Hi, I was unable to replicate the error.

I created a new conda-env and then executed the code ~20 times.

conda create -n stan27 python=2.7 numpy cython pandas matplotlib pystan
source activate stan27
for i in {1..20}; do    python model.py; done

Your data has 3 unique points and all the parameters have uniform prior so it could be a problem with initial values.

Thanks, I apologize I posted the wrong data file. I’ve fixed it now: https://www.dropbox.com/s/csw3lt4isybb734/linreg.zip?dl=0

When I try running the model on my home computer, it seems to finish but I also get this warning that doesn’t show up on my work machine:

Informational Message: The current Metropolis proposal is about to be rejected because of the following issue:
Exception thrown at line 12: normal_log: Scale parameter is 0, but must be > 0!
If this warning occurs sporadically, such as for highly constrained variable types like covariance matrices, then the sampler is fine,
but if this warning occurs often then your model may be either severely ill-conditioned or misspecified.

I’m using

$ python --version
Python 2.7.13

and

>>> pystan.__version__
'2.14.0.0'

So the problem seems to be specific to my work machine perhaps.

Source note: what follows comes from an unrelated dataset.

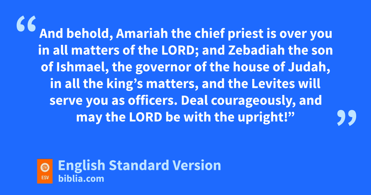 8 Moreover, in Jerusalem Jehoshaphat bappointed certain Levites and priests and heads of families of Israel, yto give judgment for the Lord and to decide disputed cases. They had their seat at Jerusalem. 9 And he charged them: c“Thus you shall do in the fear of the Lord, in faithfulness, dand with your whole heart: 10 ewhenever a case comes to you from your brothers who live in their cities, concerning bloodshed, law or commandment, statutes or rules, then you shall warn them, that they may not incur guilt before the Lord and fwrath may not come upon you and your brothers. Thus you shall do, and you will not incur guilt. 11 And behold, Amariah the chief priest is over you gin all matters of the Lord; and Zebadiah the son of Ishmael, the governor of the house of Judah, in all the king’s matters, and the Levites will serve you as officers. hDeal courageously, and may the Lord be with the upright!”1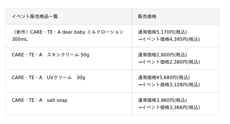 イベント特別価格としてケアテア全商品を【15%OFF】でお買い求めいただけます。

As @ahartikainen points out, you are probably going to need some prior information to control your regression with three data points and three parameters.

Sorry @Bob_Carpenter, I think I’m misunderstanding something. The example.tsv file has 2,000 data points (rows) right? Here’s a description of what the data looks before I try to fit the model:

In [1]: import pandas as pd

In [2]: data = pd.read_table('example.tsv', index_col=0)

In [3]: data.ix[data.sex == 1, 'p1'] += 1

In [4]: data['p1'] += 2

In [5]: data['p1'].describe()
Out[5]: 
count    2000.000000
mean        2.739000
std         1.076905
min        -1.509304
25%         1.974494
50%         2.776316
75%         3.470591
max         5.873075
Name: p1, dtype: float64

I tried adding interval constraints but still generally see at least one chain fail to finish.

data {
  int<lower=0> N;
  vector[N] p1;
  vector[N] sex;
}
parameters {
  real<lower=-5, upper=5>alpha;
  real<lower=-5, upper=5> beta; 
  real<lower=0> sigma;
}
model {
  p1 ~ normal(alpha + beta * sex, sigma);
}

This sounds like it may be a problem with some aspect of PyStan. This shouldn’t be a problem for Stan, as you can see by the 0.5 second run times. I’m guessing there’s something wrong with your installation, memory, or something else. You may need to start another thread with “PyStan” in the title or open an issue on the PyStan issue tracker to get the PyStan developers’ attention.

P.S. We fit models like this all the time, even ones with improper priors like you’ve provided, though we’d recommend only bounding sigma below at zero and putting proper priors on all the parameters.

Thanks @Bob_Carpenter, I agree that this looks like a pystan error. I’ll open a pystan thread to investigate. Thanks for the help.